The functional modules in the embodiments of the present invention may be integrated together to form an independent part, or each module may exist separately, or two or more modules may be integrated to form an independent part.

Alternatively, all or part of the implementation may be in software, hardware, firmware, or any combination thereof. When implemented in software, may be implemented in whole or in part in the form of a computer program product. The computer program product includes one or more computer instructions. When loaded and executed on a computer, cause the processes or functions described in accordance with the embodiments of the invention to occur, in whole or in part. The computer may be a general purpose computer, a special purpose computer, a network of computers, or other programmable device. The computer instructions may be stored in a computer readable storage medium or transmitted from one computer readable storage medium to another, for example, the computer instructions may be transmitted from one website site, computer, or data center to another website site, computer, or data center by wire (e.g., coaxial cable, fiber optic, Digital Subscriber Line (DSL)) or wirelessly (e.g., infrared, wireless, microwave, etc.). The computer-readable storage medium can be any available medium that can be accessed by a computer or a data storage device, such as a server, a data center, etc., that is integrated over one or more available media. The usable medium may be a magnetic medium (e.g., floppy Disk, hard Disk, magnetic tape), an optical medium (e.g., DVD), or a semiconductor medium (e.g., Solid State Disk (SSD)), among others.
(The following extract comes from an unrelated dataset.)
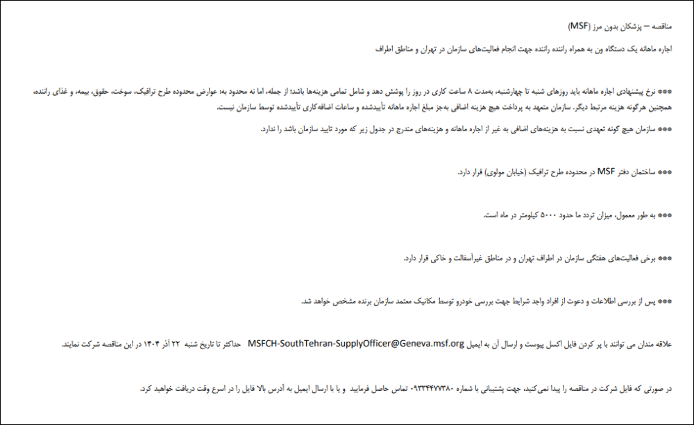 مناقصه اجاره ماهانه یک دستگاه ون به همراه راننده شرکت پزشکان بدون مرز MSF سوئیس

It should be noted that, in this document, the terms "comprises," "comprising," or any other variation thereof, are intended to cover a non-exclusive inclusion, such that a process, method, article, or apparatus that comprises a list of elements does not include only those elements but may include other elements not expressly listed or inherent to such process, method, article, or apparatus. Without further limitation, an element defined by the phrase "comprising an … …" does not exclude the presence of other identical elements in a process, method, article, or apparatus that comprises the element.

It will be evident to those skilled in the art that the invention is not limited to the details of the foregoing illustrative embodiments, and that the present invention may be embodied in other specific forms without departing from the spirit or essential attributes thereof. The present embodiments are therefore to be considered in all respects as illustrative and not restrictive, the scope of the invention being indicated by the appended claims rather than by the foregoing description, and all changes which come within the meaning and range of equivalency of the claims are therefore intended to be embraced therein. Any drawing credit or debit acknowledgement in the claims should not be construed as limiting the claim concerned.